EAST WINDSOR: Perry L. Drew School third-graders discuss importance of Arbor Day with mayor

By Amy Batista, Special Writer
EAST WINDSOR – Mayor Janice Mironov spent the afternoon with local third graders discussing the importance of Arbor Day and delivered tree saplings for the students to take home Monday afternoon at the Perry L. Drew School.
“I’m here because I want to talk to you about a really important day and really important subject,” said the mayor. “Does anyone know what it is?”
One student answered, “Arbor Day.”
“What day of the month is Arbor Day?” she said. “Does anybody know?”
Another student raised a hand and answered, “April 29.”
“The last Friday in April,” she said, adding it’s always the last Friday.
The mayor then asked the students, “Why do we care about Arbor Day?”
A student answered that it’s about trees.
“Does anybody know where the first Arbor Day?” asked the mayor as she continued the back-and-forth with the children.
Students raised their hands and took guesses.
“The answer is Nebraska,” she said. “Who would’ve thought Nebraska right?
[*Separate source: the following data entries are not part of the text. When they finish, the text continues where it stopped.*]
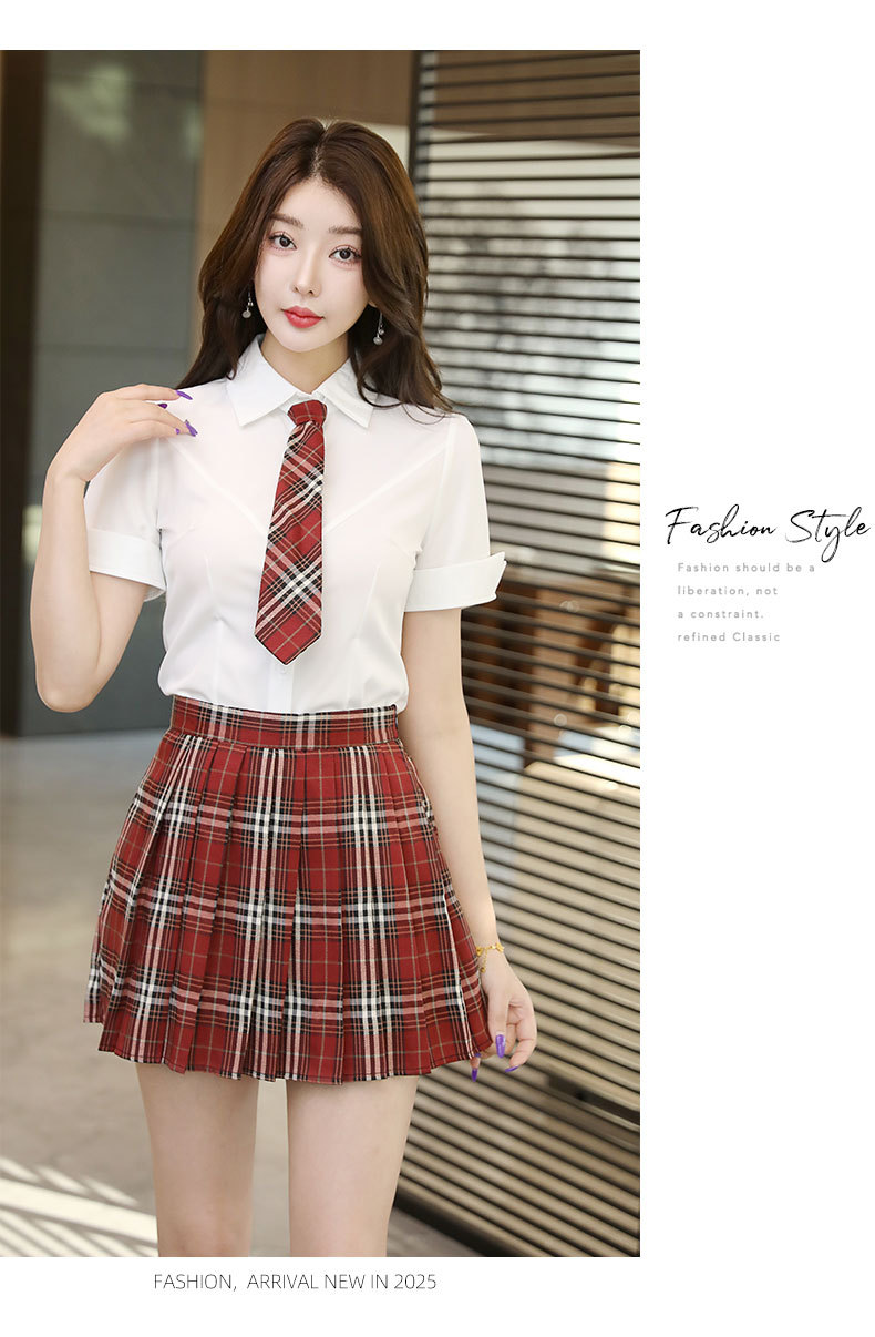 Белый топ/синяя клетчатая юбка; Белый топ/красная клетчатая юбка; Белый топ/темно-серая клетчатая юбка; белая рубашка; синяя клетчатая юбка; красная клетчатая юбка; Темно-серая юбка в клетку
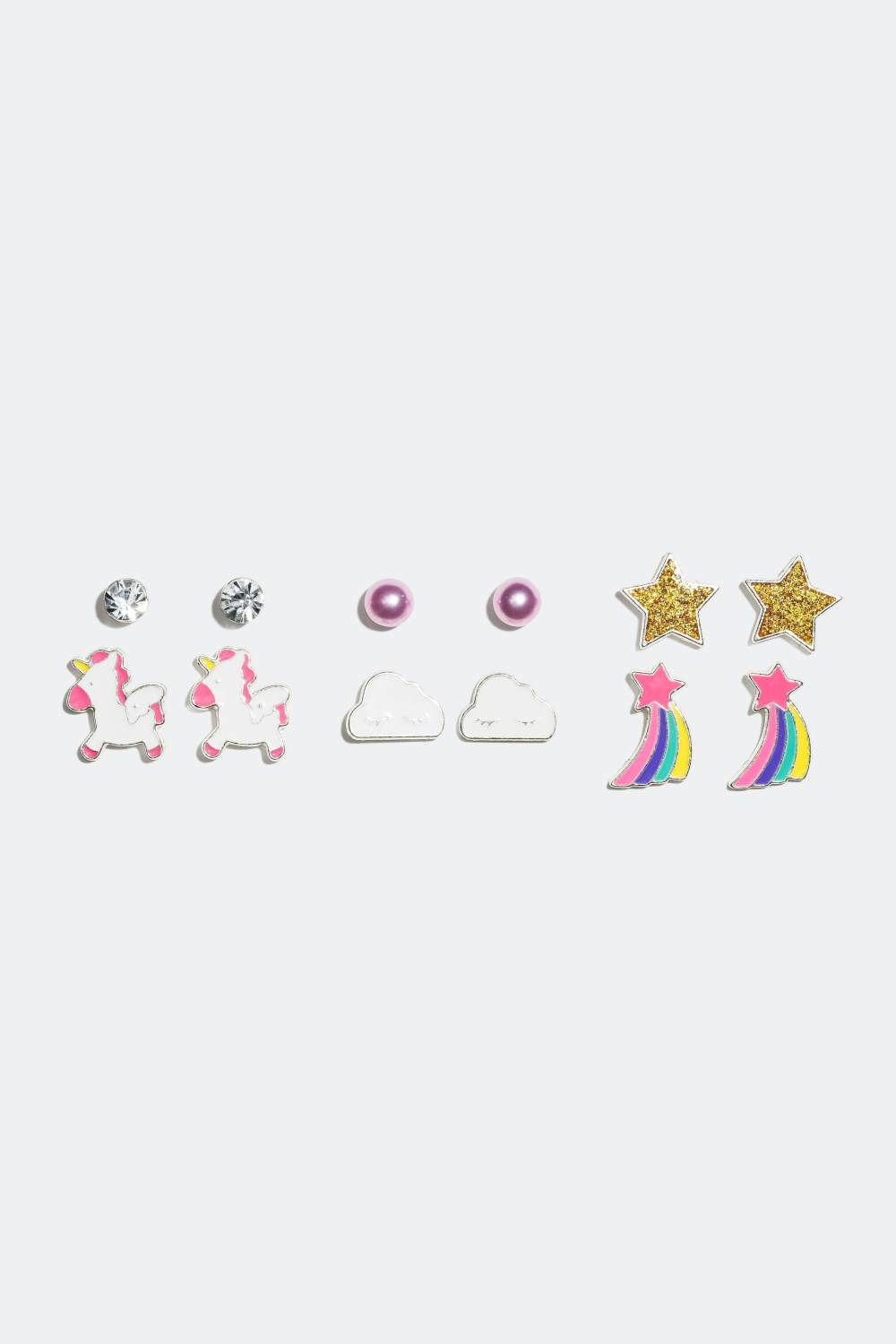 6-pak farverige øreringe til børn. Pakken indeholder små ørestikker med skyer, enhjørninger, stjerner, glassten og perler.
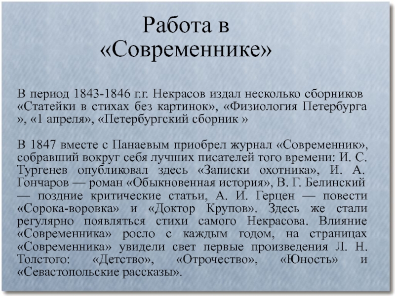 В период 1843-1846 г.г. Некрасов издал несколько сборников «Статейки
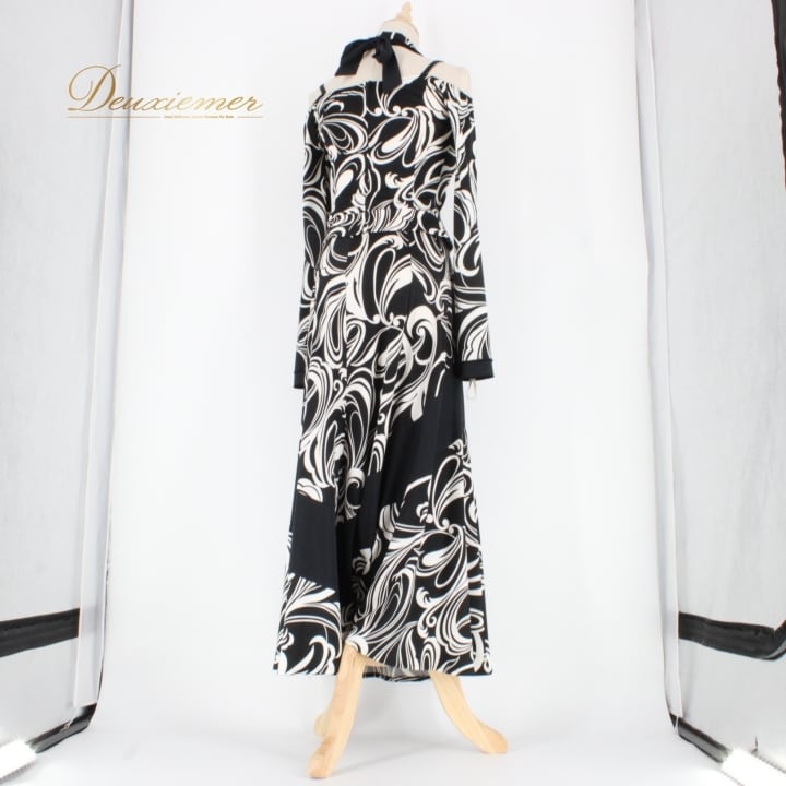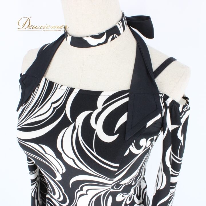 社交ダンス 衣装 スタンダード 上下セット ツーピース パーティ衣装 白 黒 サン・ヨシムラ ホワイト系 ブラック系 長袖 ホルターネック モダンダンス セットアップ ダンスドレス おしゃれ 女性用 派手 シンプル ストレッチ 体型カバー サイズM 高品質 日本製 パーティー カジュアル フォーマル

In the middle of the country it had the first Arbor Day back in 1872.”
Students discussed why trees are important to the environment, and some of the responses included that trees give us oxygen; give homes to animals; give us wood to build projects and make furniture; give us shade; give us paper; food; decorations; and cutting boards.
“As you see there are a lot of things that we use trees for,” said Mayor Mironov. “Can you even imagine without having trees how can we build all these things? And aren’t trees beautiful? What would it look like if we didn’t have all these beautiful trees up around our homes, in our parks and along our roads?”
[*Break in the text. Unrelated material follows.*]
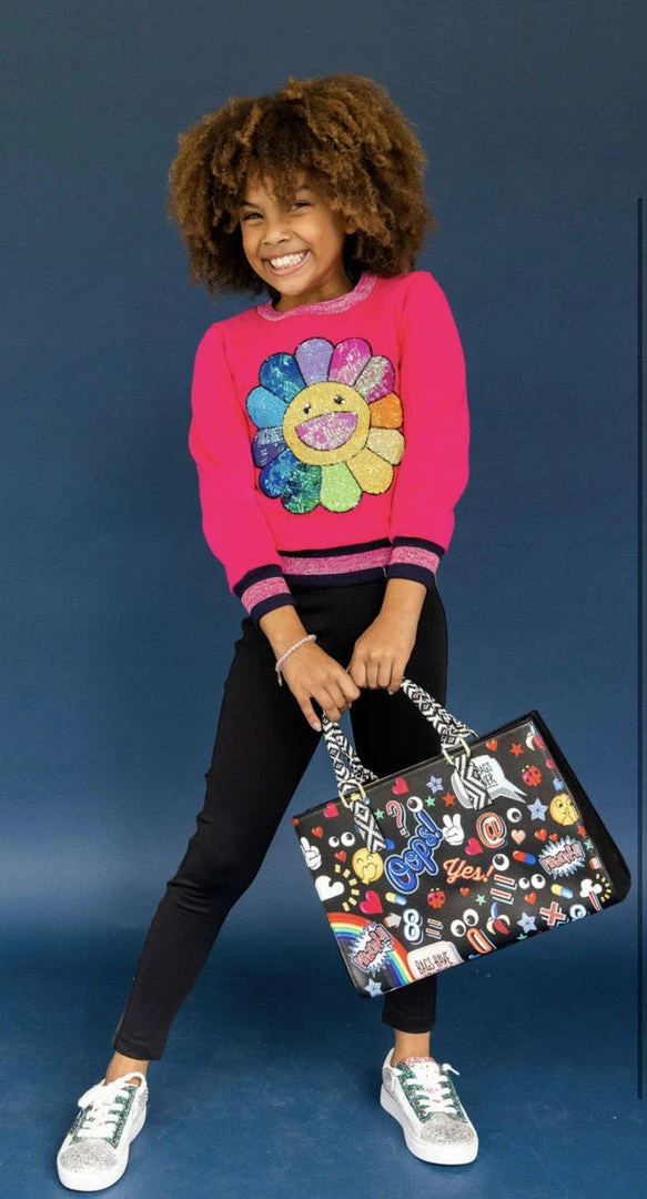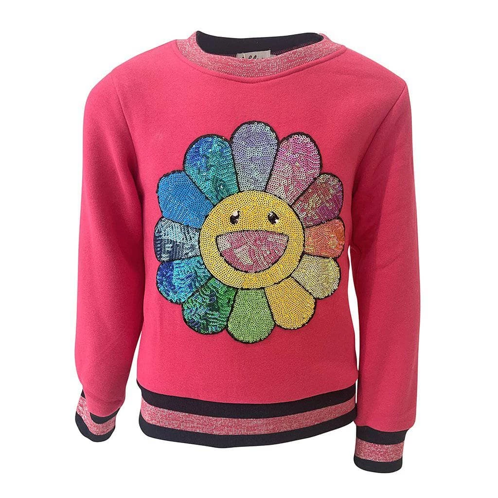 Peachy pink plush and soft crew neck with sequin flower smiley patch!Β
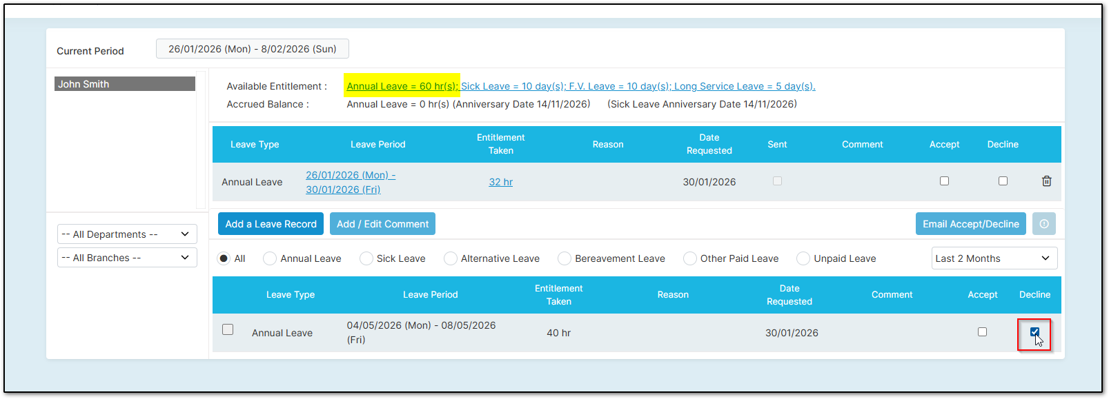 This approach allows the annual leave periods to be processed in the correct order, which can make it easier to clearly understand how much annual leave is being taken.

Each student received a tree, either a Hackberry or Eastern Red Bud, along with instructions on how to plant it.
The presentation concluded with Mayor Mironov presenting the school with a proclamation in honor of Arbor Day.
Arbor Day was first celebrate in Nebraska in 1872 with the planting of more than a million trees. J. Sterling Morton, editor of Nebraska’s first newspaper, encouraged the State Board of Agriculture to set aside a day for planting trees at a time when Nebraska was a treeless plain, according to the proclamation.
Arbor Day is celebrated throughout the nation to encourage the planting of shade and forest trees. Trees can reduce the erosion of topsoil by wind and water, cut heating and cooling costs, moderate temperature, clean the air, produce oxygen and provide habitat for wildlife, according to the proclamation.